The general's directive to "clear, hold and build" fits with training that the Quebec-based Royal 22nd Regiment Battle Group did in Canada before deploying to Afghanistan this spring.

"The population is the key," said Maj. Stephane Briand, the battle group's chief of operations. "We go into hot spots to render the enemy uncomfortable. When we hold that terrain they must move somewhere else."

The strategy had already reaped some benefits, according to Capt. William Girard, the Van Doos' plans officer.

"When we live with villagers we gain their confidence," he said. "They come, for example, and tell us if the insurgents had come to them in the night."

The latest initiatives in the volatile Zhari District, including an operation that ended Sunday, which involved more than 500 Afghan and Canadian forces, are part of a fast operational pace on which Canada's Brig.-Gen. Jon Vance has had the Van Doos and his other troops since before the onset of the searing Afghan summer several months ago.

In all, there have been 38 Task Force Kandahar-directed major operations since early this year.

The Van Doos and other troops such as combat engineers, artillery gunners and a reconnaissance squadron from Quebec, as well as tanks from Alberta, have launched two dozen operations involving 100 or more soldiers at a time, as well as more than 50 smaller operations.

"We started very early with a high tempo of large operations to try to knock the insurgency off its game as it tried to transition into what we call the fighting season," Vance said.

"We selected large operations because we wish to ensure that the insurgents would flee and required sufficient forces to deal with that ...

"The nature of the insurgency now is such that it (is) in positions quite close to population centres or in them and we need to work quickly to the get them out and relieve the population."

Several new wrinkles in the military situation in Kandahar had permitted the Van Doos to be more uptempo than the six Canadian battle groups that preceded them.

Forward operation bases are now guarded by private security contractors, a U.S. infantry battalion is now working alongside the Van Doos and the arrival of Canadian helicopters early in the year makes it easier to move troops and supplies around.

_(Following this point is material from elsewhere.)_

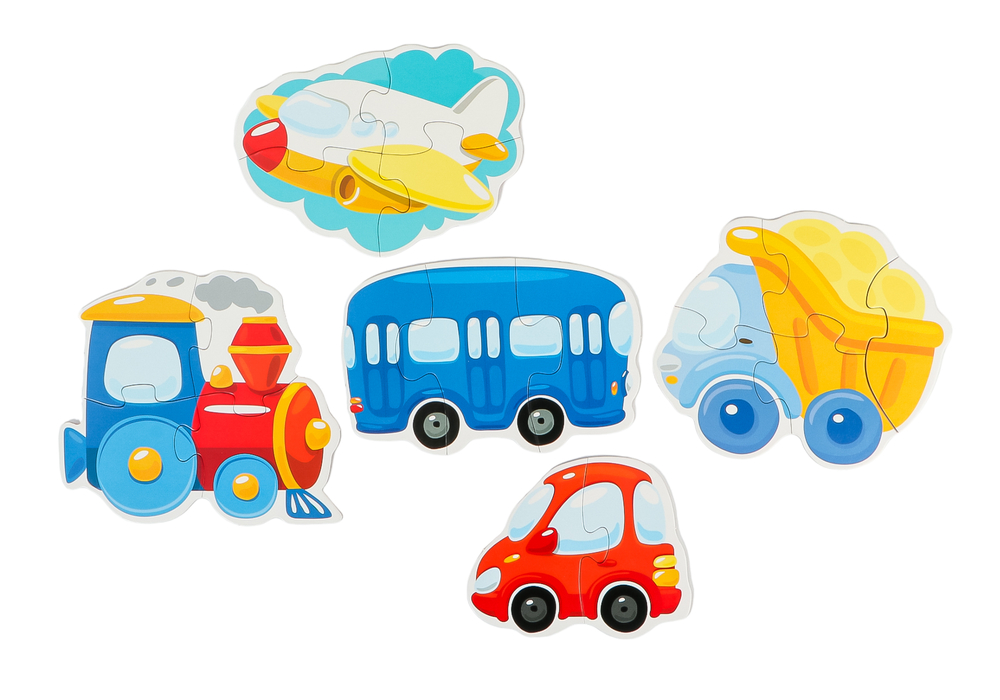 С набором контурных пазлов "Транспорт" малыш сможет собрать фигурки 5 транспортных средств: автобус, паровоз, автомобиль, самолёт и грузовик. Каждая фигурка состоит из нескольких частей (от 2 до 5), что позволяет разбить игру на уровни сложности, собирая пазлы от самых простых к более тяжёлым.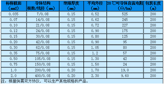 特点/用途:具有优良的耐腐蚀性能,抗油、强酸、抗强碱、强氧化剂等;具有优良的电绝缘性能、耐高电压、高频损耗小、不吸潮、绝缘电阻大;具有优良的耐燃、耐老化性能、使用寿命长。电子行业中,可用于温度补偿导线,耐低温导线,高温加热导线,耐老化电线及阻燃电线;家用电器行业中,可用于空调机,微波炉,电子消毒柜,电饭堡,电子热水瓶,电暖器,电烤箱,电炒锅,灯具灯饰等的内部布线。交货要求:按双方合同协议商定,允许不小于10米的短段交货。其数量应不超过交货总长度的10%规格结构及技术参数:

These changes have allowed the Van Doos to operate company-sized missions with 120 or 130 men, rather than half that number as had often been the case in the past.

Still, maintaining a high tempo in austere outposts has not been easy for infantry who march into the desert loaded down with as much as 50 kilograms of gear that includes body armour, radios, batteries, ammunition, food and water.

The Canadians have also become used to the rhythms of desert warfare. Between 11 a.m. and 3 p.m., "our tempo diminishes and so does the enemy's," the major said. "Soldiers often maintain a defensive posture and look for shade."

Being forward deployed on constant operations among the local population is part of a learning process that is producing results, Girard added.

"We see certain signs of success," he said. "We have disrupted them where they were previously secure, so they are not able to plant as many IEDs. We cannot be sure, but there are many indications that lives have been saved."


----------